「好了,啟明星都出來了,我們回去吧,今天還有課呢。」柘林扶起我。
有人是浪漫了一個晚上,但是有人卻是忙了一個晚上。
「這是怎麼回事!」
看見自己的家變成這個樣子,我腦子裡一下子斷了弦,自己的家一片灰燼,連周圍的鄰居也遭到了連累。
「你終於回來了。」柴禹瓊從裡邊走了出來,一臉的灰塵。
「到底是怎麼回事!」我一把抓住了他的胳膊,「為什麼會這樣?」
「你放鬆一點,我不知道是誰放的火,但是消防隊已經說了,是有人蓄意縱火,放心我一定會查出來的。」柴禹瓊有些心疼的看著她空洞的眼神。
我現在已經聽不到任何事了,她只知道自己從現在開始什麼都沒有了,原來不管怎樣,還有一個安身的地方,但是現在,連唯一的財產都沒有了,幸好今天晚上在外邊,爸爸也不在,要不然結果不堪設想,剛才的救火車竟然是向自己家裡來的,真是混帳啊,為什麼警覺性這麼低。
「小可,裡邊已經沒有什麼東西了,你要找一個地方住啊。」柴禹瓊覺得她的家燒掉,也不見得是件壞事。
「我去找小惠好了。」我現在腦子裡還是混亂一片。
「要是那幫人不死心,再放火燒了小惠的家就不好了。」
我愣愣的看著他,「那你說我該怎麼辦。除了小惠,我已經沒有什麼地方可以去了。」
「你還有我啊,我們不是兄妹嗎,我會幫你的。」柴禹瓊握住我的手。「你先住在我的一個別墅裡邊好了。我就不信那些人會打我的主意。」
「謝謝你。」我有些感激的看著柴禹瓊,他竟然會這樣的幫自己。
「既然你沒有什麼收拾的了,我們走吧。」柴禹瓊知道趁熱打鐵的道理。
我最後看了原來的房子一眼,戀戀不捨的離開了。
「等找到合適的房子以後,我就會搬出去的,麻煩你了。」我看著這裡的大房子,很自覺的說。

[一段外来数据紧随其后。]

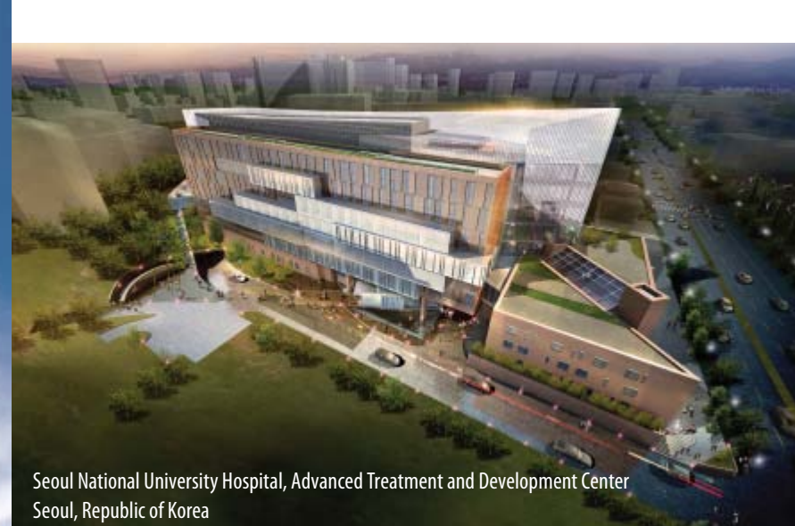
Seoul National University Hospital, Advanced Treatment and Development Center Seoul, Republic of Korea

「沒關係,你住多長時間都沒有問題,這裡我們家人很少來的,反正也是空著,你就當有限利用資源好了。」柴禹瓊交給我鑰匙。
「該上學了,」我猛地想起,已經快要八點了。
「沒關係的,你吃些東西,我們一起去,放心,沒有事的。」他憐愛的看著我。
由於這個原因,很快的校園裡就傳開了,兩個人的關係更進一步,出雙入對,大清早的從一間屋子出來,鑑於柴禹瓊以前的女友記錄是零,我的名字現在可是八卦之首。
「真是受不了了。」我苦惱的坐在了學生會主席室。
「隨他們好了。」柴禹瓊現在也是後悔,為什麼答應了做學生會主席,現在自己的事情一堆堆的,他也很煩。「要是你很在意,那我們就承認好了,澄清謠言是最簡單的了。」
「好啊,就是承認了,我也是很沾光的,畢竟找一個有錢又帥,專一的男孩子很難得啊。」我來了興致。
「那我就宣佈在學生會的報紙上了啊。」他猛地抬起頭來,一臉笑意的看著我。
「你們要宣佈什麼?」姬連鶴突然的出現了,他也是為了謠言的事來的。
「宣佈我們的關係!」我看著柴禹瓊「溫柔」的說。
姬連鶴的瞳孔一緊,「難道外邊說的都是真的?」
「真的就好了,哪裡找一個這麼優秀的男朋友啊,」我微笑著說,「我啊,被人甩了,家裡又失火,什麼都沒有了,人家大少爺在做善事,賑濟災民呢。」
「真的?」姬連鶴疑惑的看著柴禹瓊,這種接二連三的打擊她竟然說得這樣的輕鬆。
「是啊。」柴禹瓊整理了一下表格,無意的應著,這樣的日子真難受啊。
「那你現在住在哪裡呢。」
「我的別墅!」柴禹瓊隨意的應著。
姬連鶴的心裡竟然十分的嫉妒著,為什麼瓊可以和她這樣的親密。
可是當事人卻不覺得多幸福,兄弟的這個帽子實在是太大了,她也許根本就不和自己談這個。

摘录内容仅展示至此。